**Work to complete:** Look through the data below and extract, unchanged, the lines from the one that contains "Bentley. | ||" to the one that contains "These records are", both included.

** Opening Available records block **

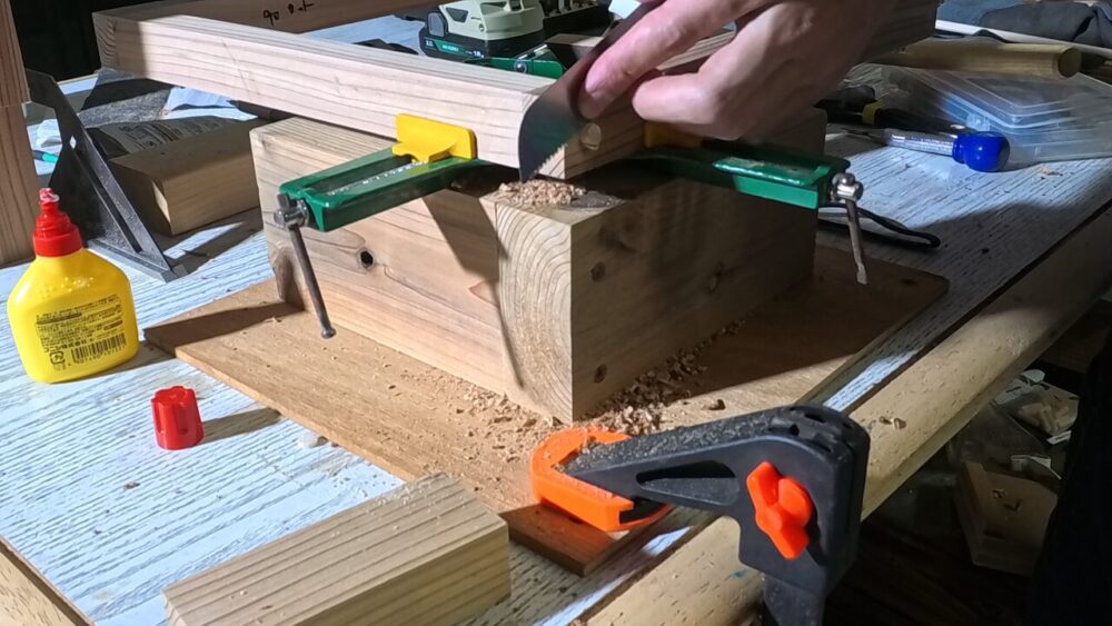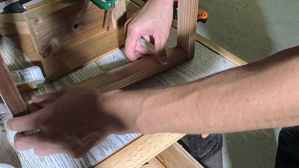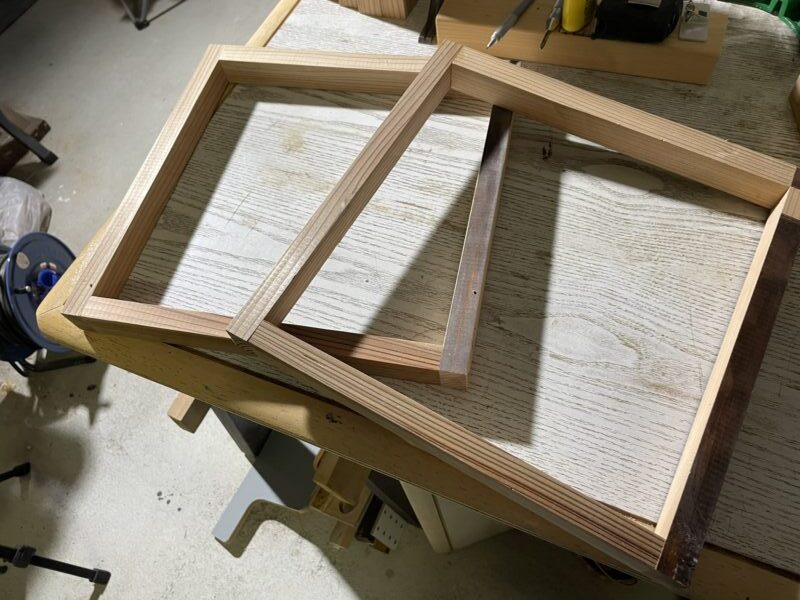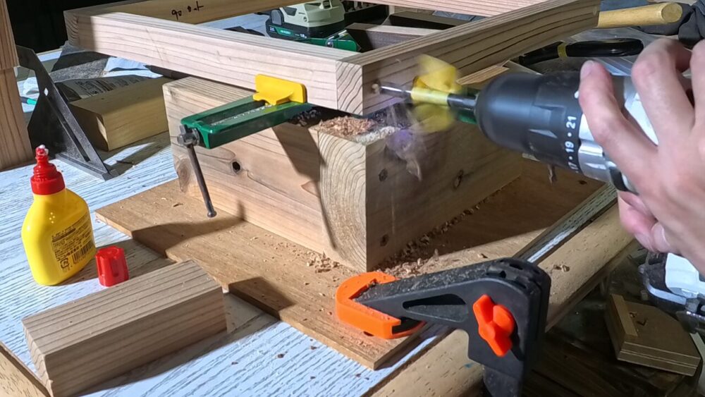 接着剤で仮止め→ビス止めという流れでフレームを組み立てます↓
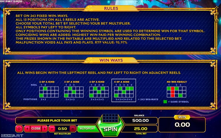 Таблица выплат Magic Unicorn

** Closing Available records block **
** Opening Available records block **

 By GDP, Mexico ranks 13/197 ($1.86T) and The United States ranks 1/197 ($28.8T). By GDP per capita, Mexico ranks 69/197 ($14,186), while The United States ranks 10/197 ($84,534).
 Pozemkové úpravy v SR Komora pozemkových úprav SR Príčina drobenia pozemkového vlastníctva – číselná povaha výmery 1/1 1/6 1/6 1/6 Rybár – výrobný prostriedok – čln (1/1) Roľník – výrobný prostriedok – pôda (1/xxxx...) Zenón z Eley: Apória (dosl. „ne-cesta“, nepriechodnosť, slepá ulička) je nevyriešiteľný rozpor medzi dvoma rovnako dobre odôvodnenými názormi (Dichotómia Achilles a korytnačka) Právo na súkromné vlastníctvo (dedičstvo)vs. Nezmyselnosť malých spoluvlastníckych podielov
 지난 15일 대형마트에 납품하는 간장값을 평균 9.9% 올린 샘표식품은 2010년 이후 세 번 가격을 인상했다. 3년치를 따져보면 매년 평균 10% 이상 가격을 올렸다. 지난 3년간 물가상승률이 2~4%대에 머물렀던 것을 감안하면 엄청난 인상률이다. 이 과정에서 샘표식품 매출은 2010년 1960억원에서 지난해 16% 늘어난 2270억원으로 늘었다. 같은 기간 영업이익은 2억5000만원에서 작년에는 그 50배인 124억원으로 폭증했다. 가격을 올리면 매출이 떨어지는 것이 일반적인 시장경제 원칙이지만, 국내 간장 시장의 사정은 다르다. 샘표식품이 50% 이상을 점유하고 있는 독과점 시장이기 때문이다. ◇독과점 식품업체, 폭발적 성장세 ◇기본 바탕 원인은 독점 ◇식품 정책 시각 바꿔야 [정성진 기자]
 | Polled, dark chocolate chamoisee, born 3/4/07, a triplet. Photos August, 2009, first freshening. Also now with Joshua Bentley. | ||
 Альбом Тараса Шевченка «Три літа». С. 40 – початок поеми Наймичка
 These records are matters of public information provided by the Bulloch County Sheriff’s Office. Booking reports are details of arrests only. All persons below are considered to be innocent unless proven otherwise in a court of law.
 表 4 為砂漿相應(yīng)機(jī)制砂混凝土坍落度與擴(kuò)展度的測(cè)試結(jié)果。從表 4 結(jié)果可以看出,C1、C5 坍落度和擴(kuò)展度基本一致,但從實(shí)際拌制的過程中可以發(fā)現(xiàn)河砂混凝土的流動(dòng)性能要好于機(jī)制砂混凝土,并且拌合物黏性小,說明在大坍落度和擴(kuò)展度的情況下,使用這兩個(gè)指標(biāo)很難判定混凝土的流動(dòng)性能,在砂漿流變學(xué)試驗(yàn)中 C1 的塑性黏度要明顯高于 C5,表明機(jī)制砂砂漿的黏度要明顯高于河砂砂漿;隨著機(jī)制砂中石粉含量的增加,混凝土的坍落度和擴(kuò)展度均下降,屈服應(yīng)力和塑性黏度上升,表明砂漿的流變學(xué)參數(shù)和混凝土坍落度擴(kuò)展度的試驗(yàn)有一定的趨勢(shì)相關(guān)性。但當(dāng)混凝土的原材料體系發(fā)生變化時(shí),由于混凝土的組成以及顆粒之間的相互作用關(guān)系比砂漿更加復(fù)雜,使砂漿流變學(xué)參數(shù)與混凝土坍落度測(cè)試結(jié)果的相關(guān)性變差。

** Closing Available records block **
** Opening Available records block **

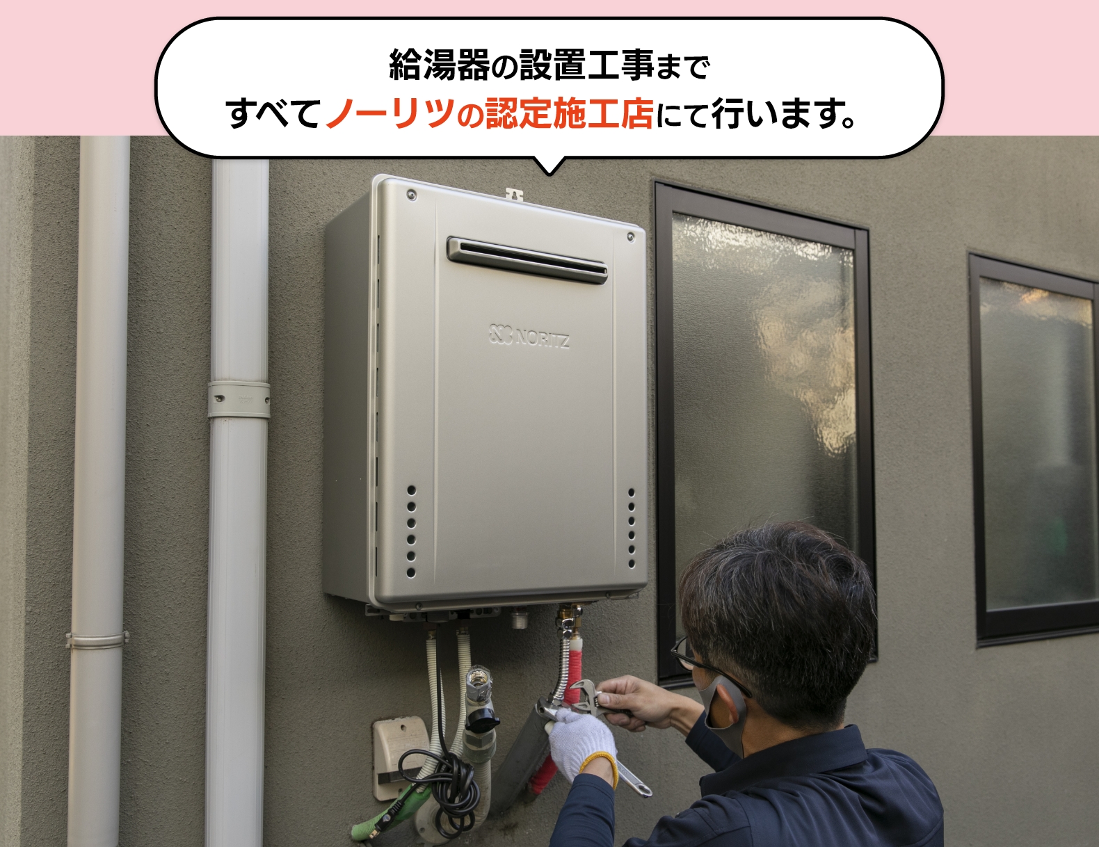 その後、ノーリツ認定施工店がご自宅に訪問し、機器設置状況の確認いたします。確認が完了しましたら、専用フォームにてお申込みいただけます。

** Closing Available records block **

**Result of this task:**
 | Polled, dark chocolate chamoisee, born 3/4/07, a triplet. Photos August, 2009, first freshening. Also now with Joshua Bentley. | ||
 Альбом Тараса Шевченка «Три літа». С. 40 – початок поеми Наймичка
 These records are matters of public information provided by the Bulloch County Sheriff’s Office. Booking reports are details of arrests only. All persons below are considered to be innocent unless proven otherwise in a court of law.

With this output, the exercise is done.